Liver cancer is the second most common causes of cancer death worldwide. According to the WHO GLOBOCAN 2012, there are approximately 782,000 new cases and approximately 746,000 deaths annually. Liver cancer also ranked 2nd of TOP 10 cause of death in Taiwan causing 8,000 deaths annually according to statistics from Taiwan’s Ministry of Health and Welfare. Liver resection and radiofrequency ablation (RFA) remain to be common medical procedures for liver cancer. However, the major cause of death is tumor recurrence.
Bayer’s Nexavar® was approved by USFDA and EMA in 2007 for treatment of advanced-stage liver cancer. But its usage for treating early stage (about 30%) and intermediate stage (about 45%) liver cancer has not been approved by USFDA. Hence, there is unmet need for adjuvant therapy in preventing liver cancer recurrence after liver resection.

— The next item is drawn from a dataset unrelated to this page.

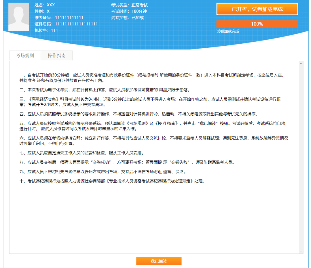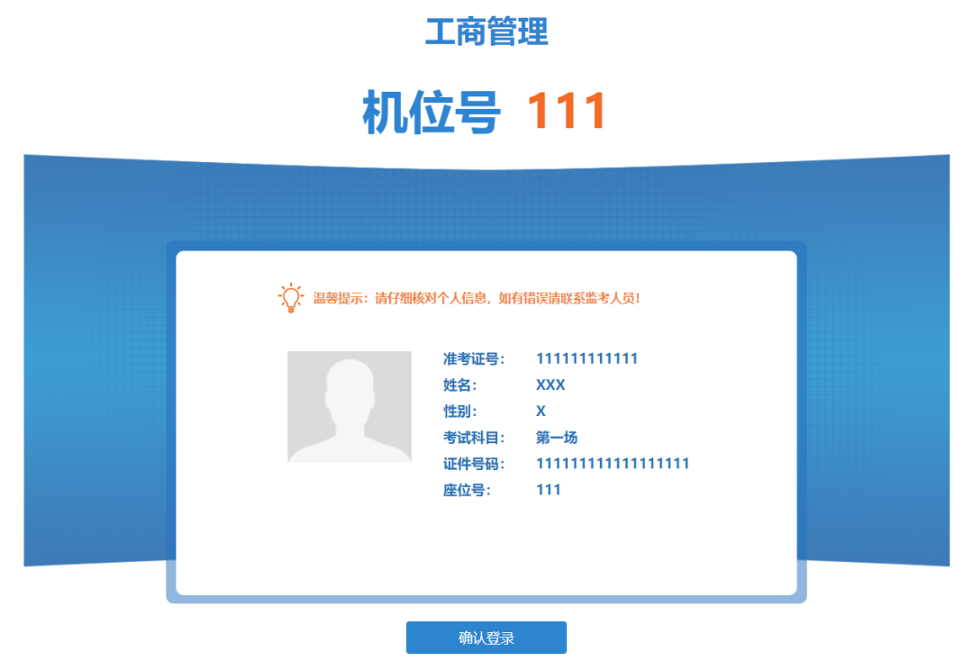 ②之后按照提示,进入考场(无需输入准考证号及身份证号,系统默认)

PI-88 is a mixture of oligosaccharides mimicking heparan sulfate that antagonizes angiogenic growth factors (VEGF, FGF-1, and FGF-2) and blocks heparanase from cleaving heparan sulfate in the extracellular matrix (ECM). PI-88 has successfully accomplished with phase I and II clinical studies in compliance with USFDA guidelines, and demonstrated good safety profiles and promising efficacy in counteracting liver cancer. Having owned the global commercialization rights of PI-88, MBC has initiated phase III clinical study and have now completed the recruitment of subjects in Taiwan, Korea, China, and Hong Kong.
Liver cancer recurrence after curative treatment adversely influences clinical outcome, with a 5-year cumulative recurrence rate above 70%. In our phase II trial published in J Hepatol (vol: 50, 958-968, 2009), the study group received 160 mg/day of PI-88 showed a reduction of recurrence rate from 50% to 37% at the end of 12 months. The recurrence free survival extends from 27 weeks to 48 weeks at 70 percentile.

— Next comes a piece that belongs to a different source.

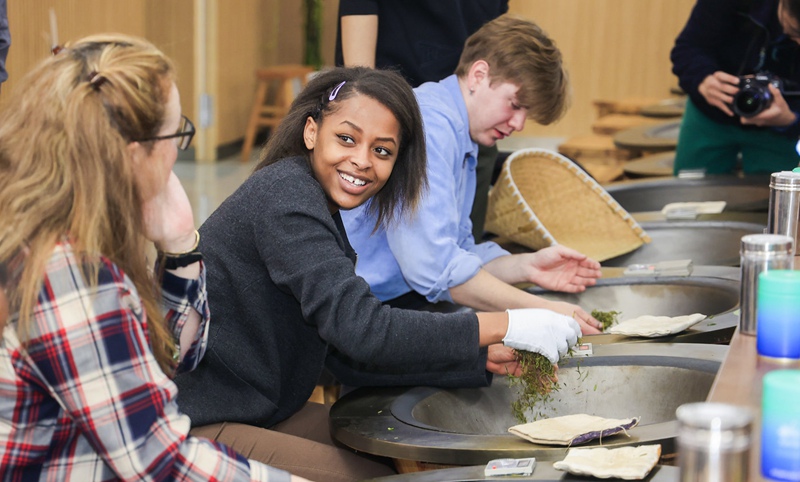 開茶節現場,在杭留學生體驗炒茶。西湖區文旅局供圖

MBC conducted an observational follow-up study in order to track patient outcomes up to 2 years after the previous phase II trial. Results revealed that the clinical benefits of PI-88 at 160mg/day were maintained for more than two years with minimal AE after only the initial 36 weeks of active treatment. Subgroup analyses on high-risk patients with single tumor ≥2cm (or multiple tumors) and positive HBV or HCV infection conferred statistically significant survival advantage.
“A Prospective, Randomized, Double-blind, Placebo controlled, Parallel-group, International Multicenter Phase III Trial Of PI-88 In the Adjuvant Treatment Of Subjects With Hepatitis Virus Related Hepatocellular Carcinoma After Surgical Resection” abbreviated as PATRON is designed for Phase III study. This study is to confirm the efficacy and safety of PI-88 in the adjuvant treatment of viral hepatitis related liver cancer after curative surgery. We have now completed the recruitment of subjects in Taiwan, Korea, China, and Hong Kong for PATRON.